Key findings included Bauer transferring ownership of a van and a car to his daughters shortly before filing, as well as transferring a life insurance policy to his wife. Additionally, Bauer failed to report various valuable assets, including a handgun, gold jewelry, and a Rolex watch, in his bankruptcy petition. A grand jury indicted him in October 1995. 

The crux of the case hinged on Bauer's intent, with the government calling Rivera to testify against Bauer, which was contested by Bauer. The Ninth Circuit found that allowing Rivera to testify violated Bauer's attorney-client privilege and concluded that this error was not harmless, leading to the reversal of Bauer's conviction.

Prior to filing his bankruptcy petition, Bauer received advice from his attorney, Rivera, regarding the duty to disclose all property and the implications of falsifying a bankruptcy petition, which includes signing under penalty of perjury. Rivera confirmed that they reviewed a document detailing Bauer's estate and discussed the legal obligations related to the bankruptcy process. Following legal proceedings, Bauer was found guilty on two counts and sentenced to one year in prison, three years of supervised release, and ordered to pay restitution totaling $88,385.64. 

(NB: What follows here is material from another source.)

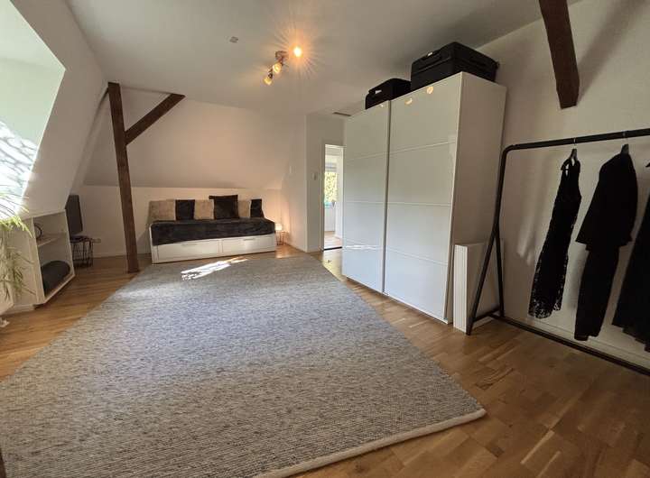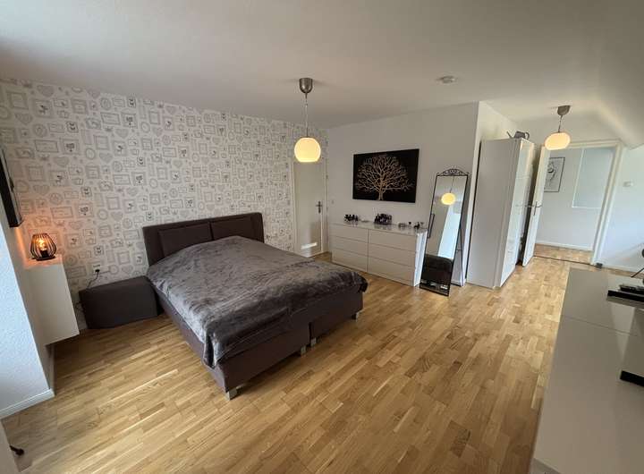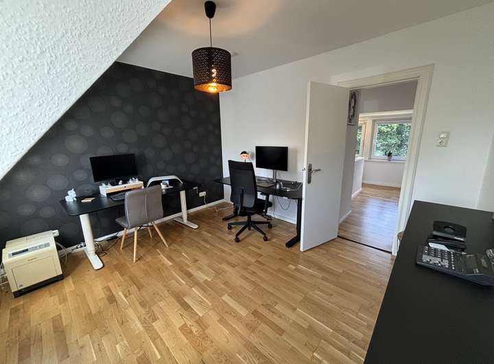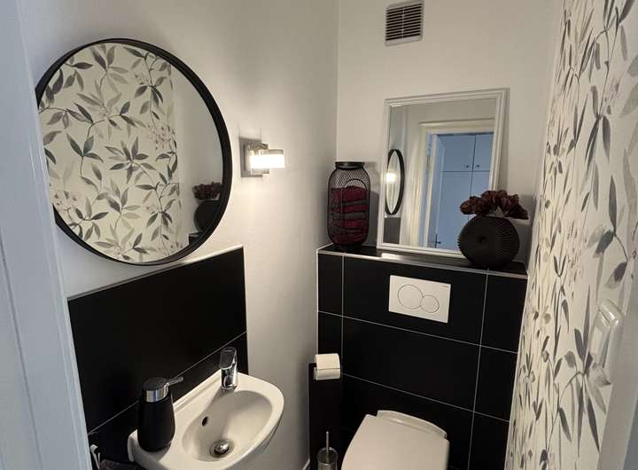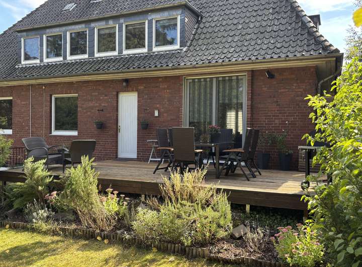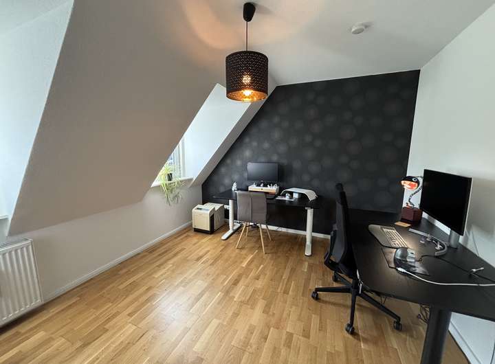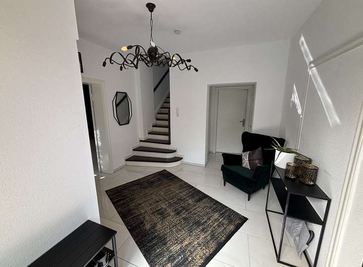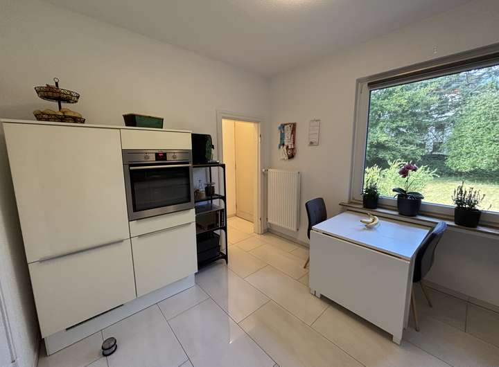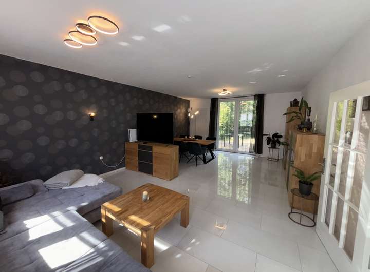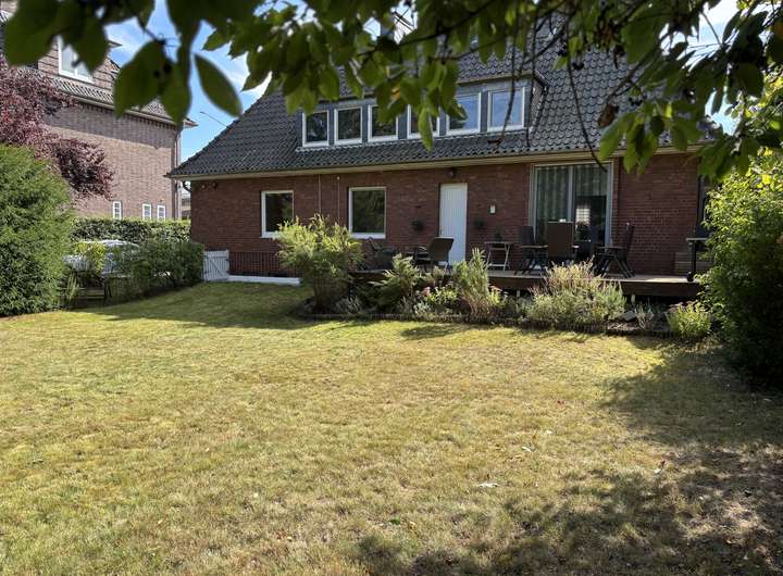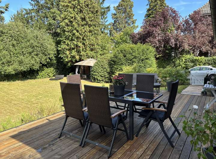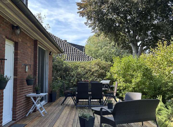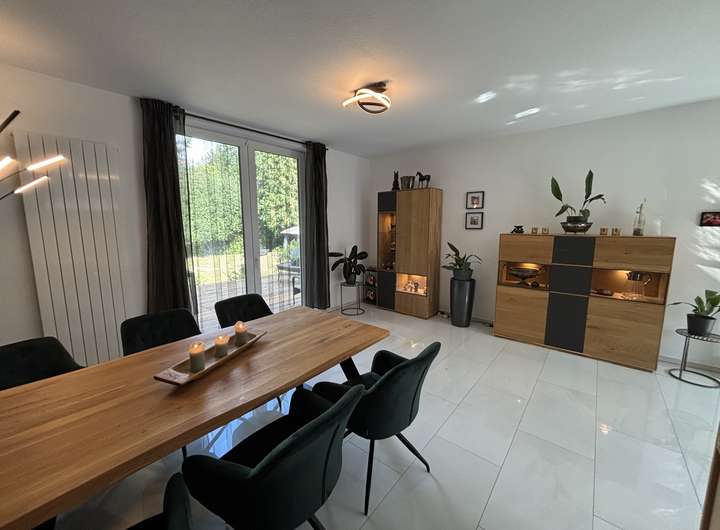 Dieses liebevoll sanierte Einfamilienhaus mit separater Einliegerwohnung besticht durch seinen besonderen Charme, durchdachte Details und Wohnatmosphäre. Schon beim Betreten empfängt Sie ein heller, einladender Flur, der direkt in das großzügige Wohnzimmer führt. Die große Terrassentür öffnet den Blick ins Grüne und schenkt dem Raum ein wunderbares Licht. Im Untergeschoss sorgen moderne Fliesen für eine angenehme Frische, während im Obergeschoss Eichenparkett Behaglichkeit schafft. Die helle Küche, ausgestattet mit hochwertigen Geräten, lädt zum gemeinsamen Kochen ein. Ein modernes Gäste-WC rundet den Wohnkomfort im Erdgeschoss ab. Im Obergeschoss erwartet Sie ein geräumiges Badezimmer mit Badewanne, Dusche und Tageslicht – direkt en Suite erreichbar, aber auch vom Flur aus zugänglich. Dazu kommen ein lichtdurchflutetes Schlafzimmer und zwei weitere Zimmer, die flexibel als Kinderzimmer, Büro oder Gästezimmer genutzt werden können. Die separate Einliegerwohnung bietet mit eigenem Eingang Unabhängigkeit. Zwei Zimmer – eines davon mit Anschlüssen für eine Pantryküche – eröffnen zahlreiche Möglichkeiten: ob für erwachsene Kinder, Gäste, Arbeiten im Homeoffice oder als zusätzliche Einkommensquelle. Auch hier ist mit Parkettboden und einem kleinen, hellen Duschbad an Komfort gedacht. Der großzügige Keller bietet ausreichend Stauraum, beispielsweise für eine ganzjährige Dekoration, sowie einen großen Waschkeller, der den Alltag erleichtert. Der Außenbereich ist ein echtes Highlight: Ein pflegeleichter Garten mit großzügigem Naturgartenanteil schenkt Ihnen Ruhe und Natürlichkeit. Auf der weitläufigen Douglasien-Terrasse finden Sie Ihren neuen Lieblingsplatz zum Entspannen, Genießen und Verweilen. Sorgfältig modernisiert - Fenster (2018 & 2021) - Eingangstür (2021) - Fußböden (2020, 2021) - Heizkörper (2020) - Gäste-WC (2021) - Moderne Bäder (2016) - Elektrik auf aktuellem Stand

The main legal issue revolves around whether Rivera's statements to Bauer about disclosure duties and perjury implications are protected by attorney-client privilege. The party claiming the privilege bears the burden of proof, and this court conducts a de novo review of both the relationship and the privileged nature of the communications. The district court ruled that Rivera's advice fell outside the privilege, reasoning that it pertained to his role as an officer of the court rather than as an attorney-client relationship. This ruling was deemed incorrect, as attorney-client privilege protects both client disclosures and attorney responses when seeking legal advice. The government pointed to three Ninth Circuit cases to support its position, but these cases were found to be distinguishable from the current situation.

In United States v. Freeman, the Ninth Circuit ruled that an attorney's communication to a client about a sentencing date is not protected by attorney-client privilege because it does not constitute a confidential communication; the attorney merely acted as a messenger conveying public information. This principle was reiterated in United States v. Gray, where the court concluded that an attorney could testify about informing a client of a hearing date without breaching privilege. Similarly, in McKay v. Commissioner, the court determined that an attorney's testimony about delivering an IRS notice to a client was not privileged since it involved the conveyance of public information. These cases illustrate that communications regarding public information, such as court dates or tax notices, do not fall under the protection of attorney-client privilege because they do not involve confidential advice. In contrast, Bauer's case differs significantly as the attorney, Rivera, provided legal advice during the preparation of Bauer's bankruptcy petition, which is inherently confidential and not merely an act of relaying public information.

Not all communications between attorney and client are privileged, with certain exceptions such as client identity, fee amount, and case-related payments. However, Rivera's discussions with Bauer regarding the legal obligations of filing a bankruptcy petition are classified as legal advice and thus protected by attorney-client privilege. The Government presents two arguments against this privilege: first, that Bauer's situation is similar to cases where client-provided documentary information for tax returns is not privileged, as this information is intended for public filing. However, this rationale does not apply, as Rivera's testimony pertains solely to oral legal advice rather than documentary information for the bankruptcy petition. 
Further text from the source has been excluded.